Start of Information supplied

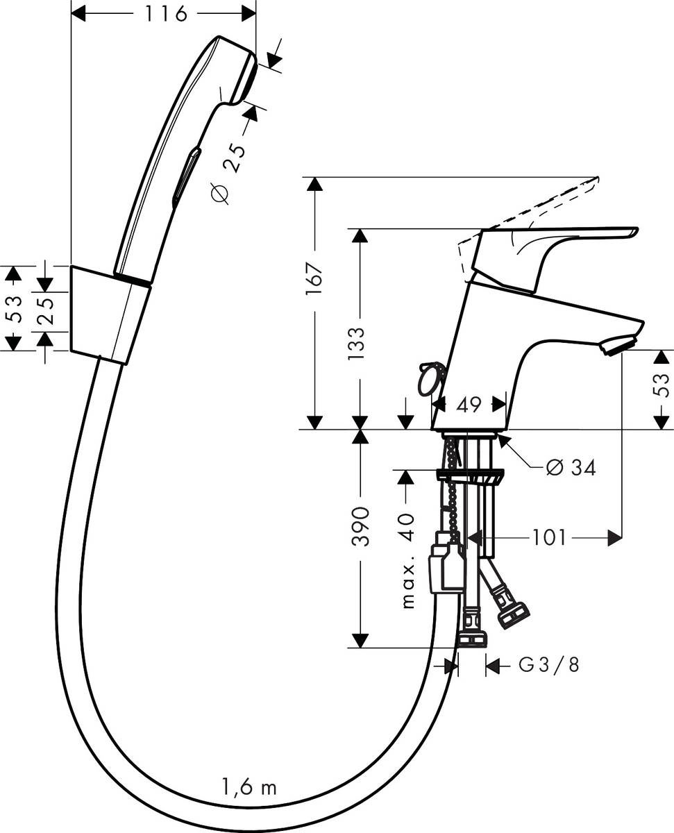 Hansgrohe Focus Egykaros mosdócsaptelep 70 bidette kézizuhannyal és 160 cm zuhanycsővel
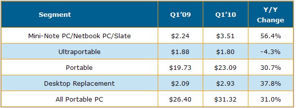 根據(jù)DisplaySearch最新調(diào)查結(jié)果表示,2010年第一季度筆記本電腦出貨金額達(dá)311億美金,這是自2008年第三季以來最高單季出貨紀(jì)錄,當(dāng)時筆記本電腦均價較目前高出20%。除了取代臺式電腦的筆記本電腦(Desktop Replacement)均價下降外,其它應(yīng)用領(lǐng)域如上網(wǎng)本/平板電腦(netbook PC/ slate),與超可攜式電腦(ultraportable)均價均有兩位數(shù)的增長。
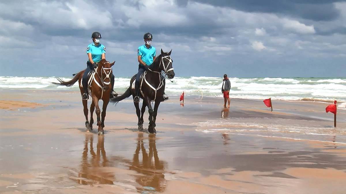Sarıyer’de yaya ve atlı jandarma devriye ekipleri halkı denize girmemeleri konusunda uyardı
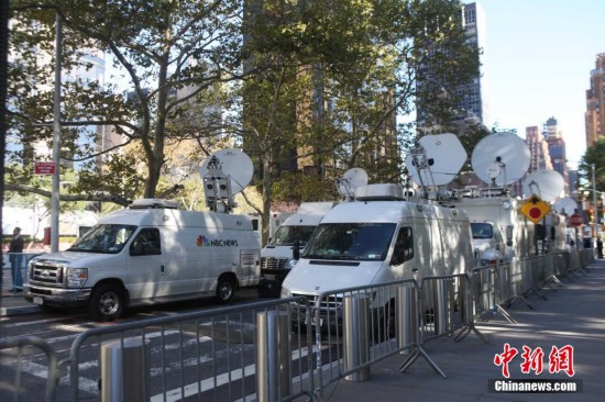 當地時間9月24日,電視媒體轉播車在紐約聯合國總部外云集。聯合國發展峰會將于25日至27日舉行,150余位世界各國領導人將出席本次峰會。 中新社記者 鄧敏 攝
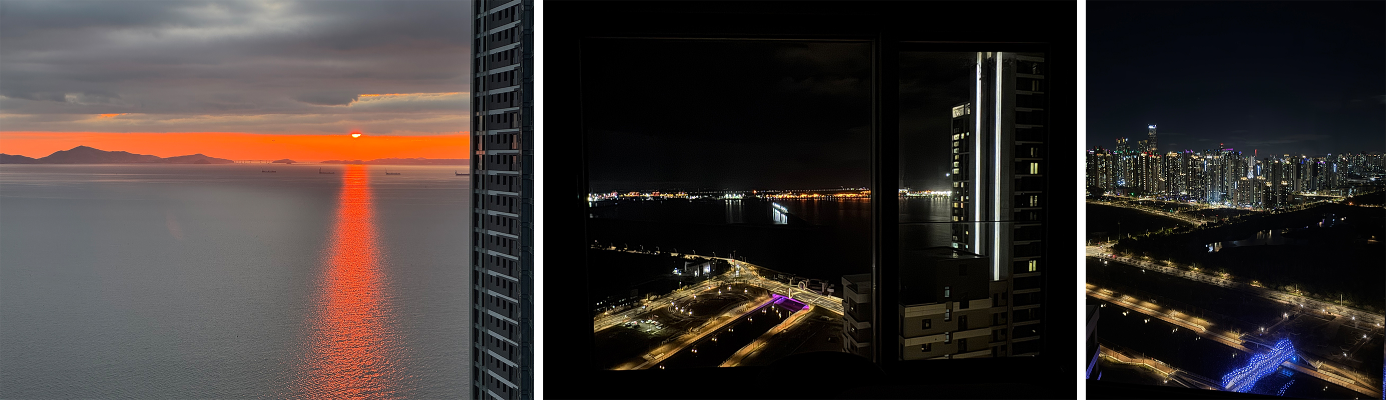 거실에서 바라본 저녁 노을과 야경

End of Information supplied

- Exercise objective
The required output is the lines from the one containing "Sarıyer’de yaya ve" through the end of the data, printed exactly, with no pictures.

- Task response
Sarıyer’de yaya ve atlı jandarma devriye ekipleri halkı denize girmemeleri konusunda uyardı
 當地時間9月24日,電視媒體轉播車在紐約聯合國總部外云集。聯合國發展峰會將于25日至27日舉行,150余位世界各國領導人將出席本次峰會。 中新社記者 鄧敏 攝
 거실에서 바라본 저녁 노을과 야경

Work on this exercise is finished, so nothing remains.